I felt judged because I was embarrassed that there'd been a buildup of his refusal to go in alone. This isn't a pediatric practice, so there were adults waiting too. I realize that by the very act of being in counseling, everyone there has a some sort of issue and that I was being irrational, but at the moment, I was embarrassed.

And to 9:20, no, neither my husband nor I hit/spank/swat/slap/physically discipline our children, and in return, we don't expect our children to do so to us either.
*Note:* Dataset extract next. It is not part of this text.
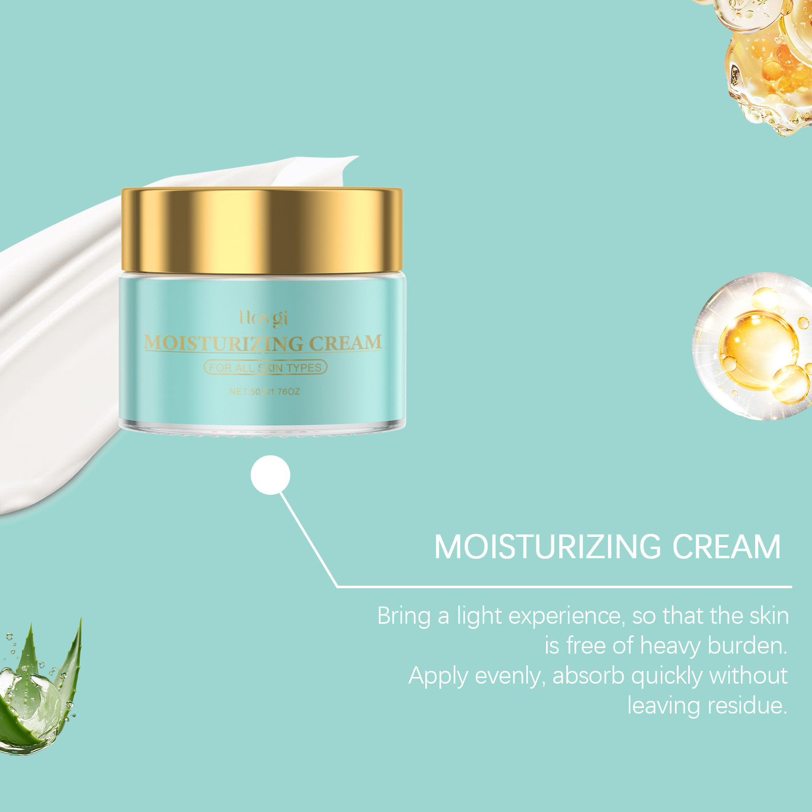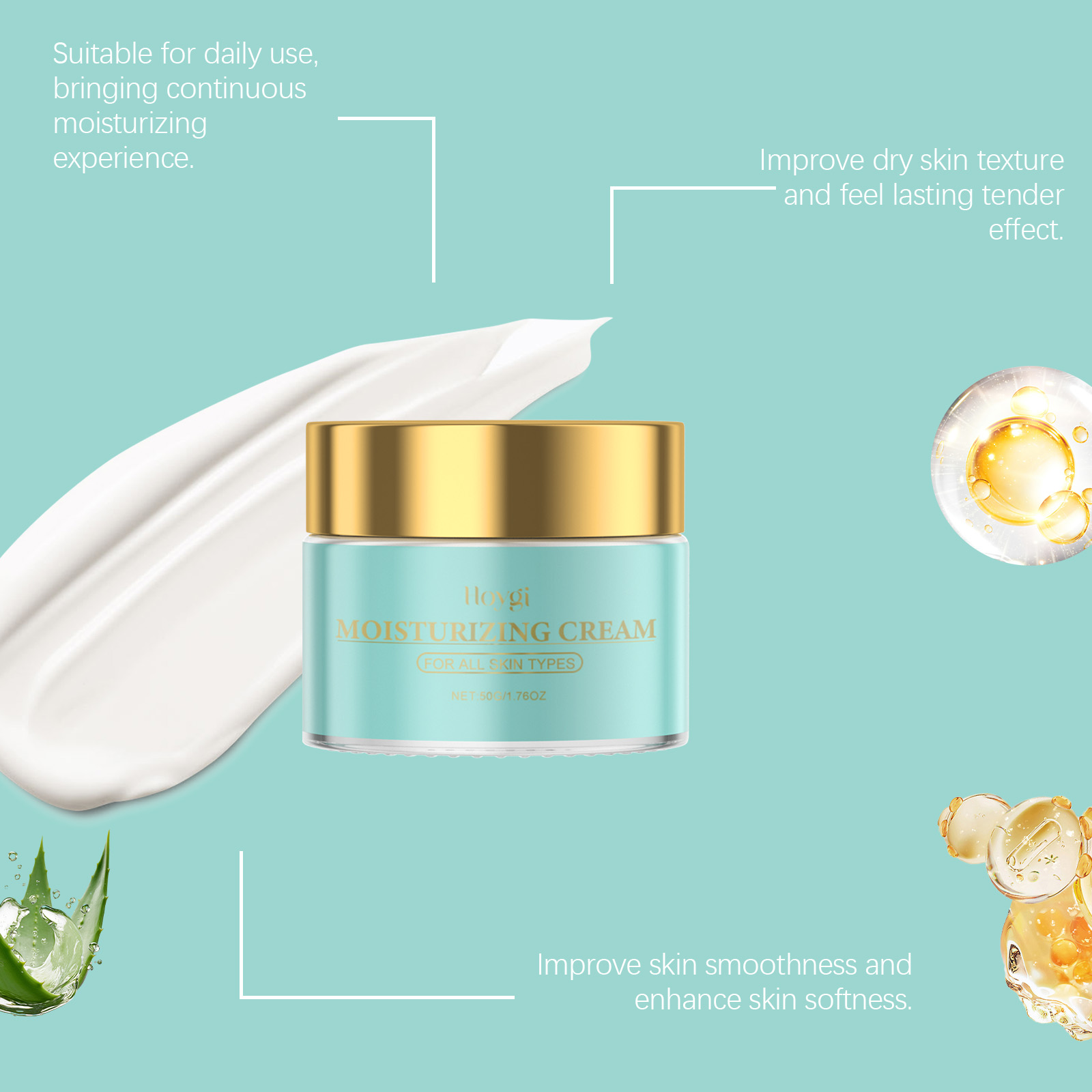 Our anti-aging facial moisturizer contains triethanolamine, aloe vera extract, Vitamin E (tocopherol). It keeps the skin fresh and breathing. The way to use it is simple: clean your face and keep it dry. Apply appropriate amount to face evenly. Massage gently until absorbed. And can moisturize the skin, absorb quickly, leaving a smooth protective film.

OP, a HUGE part of working with child clients is working with their parents. I could see her not volunteering a strategy, because if that is not a regular part of the sessions it might feel like an over step to you, but if you have questions like "What do I do when he acts out because he is stressed" of course you should talk to the therapist about it. I mean, there is only so much the therapist can accomplish if there are not consistent strategies being used at home as well.

Also, it is OK to say to the therapist "I feel embarrassed that he is refusing/hitting." Actually, it's probably a good idea to bring it up. A good therapist will have ideas on how to help your son and how you can help yourself in those moments.


Also, unless this therapist is really new or sees only a narrow range of clients your kid swatting at you is NOTHING to them. Kids break their parents noses and blacken their eyes. Kids smear feces. Kids act out sexually. Therapists help with all that. This question will be easy. Everyone likes easy questions.